= Work required =
Print the listing in its entirety and exactly, leaving out images.

━━ Data

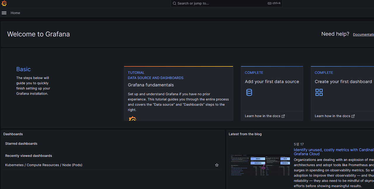 수집 정보가 node에 저장되면, 가시화는 그라파나를 사용한다.
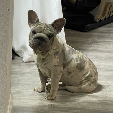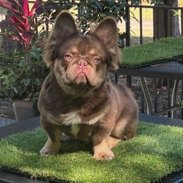 Big Fluff is rare short compact fluffy English Bulldog. He carries two copies of blue and one copy of chocolate.
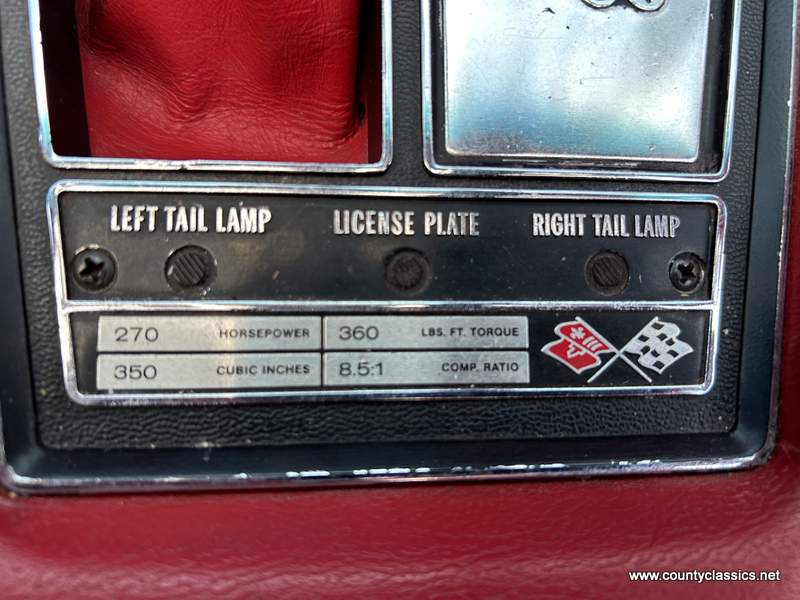 Vin 1943715107826 the VIN number indicates the car to be built in St Louis, supplied in Mille Miglia red with 350 Ci engine and 4 speed manual gearbox. Coupe body style (January 1971 F26) red vinyl trim 407, 350 Ci V8 engine 5.7 litre., 360lbs dt torque, 8.5:1 compression ratio. 270 BHP. Engine number 13B559470 T0329CKJ.

━━━━

= Written reply =
 수집 정보가 node에 저장되면, 가시화는 그라파나를 사용한다.
 Big Fluff is rare short compact fluffy English Bulldog. He carries two copies of blue and one copy of chocolate.
 Vin 1943715107826 the VIN number indicates the car to be built in St Louis, supplied in Mille Miglia red with 350 Ci engine and 4 speed manual gearbox. Coupe body style (January 1971 F26) red vinyl trim 407, 350 Ci V8 engine 5.7 litre., 360lbs dt torque, 8.5:1 compression ratio. 270 BHP. Engine number 13B559470 T0329CKJ.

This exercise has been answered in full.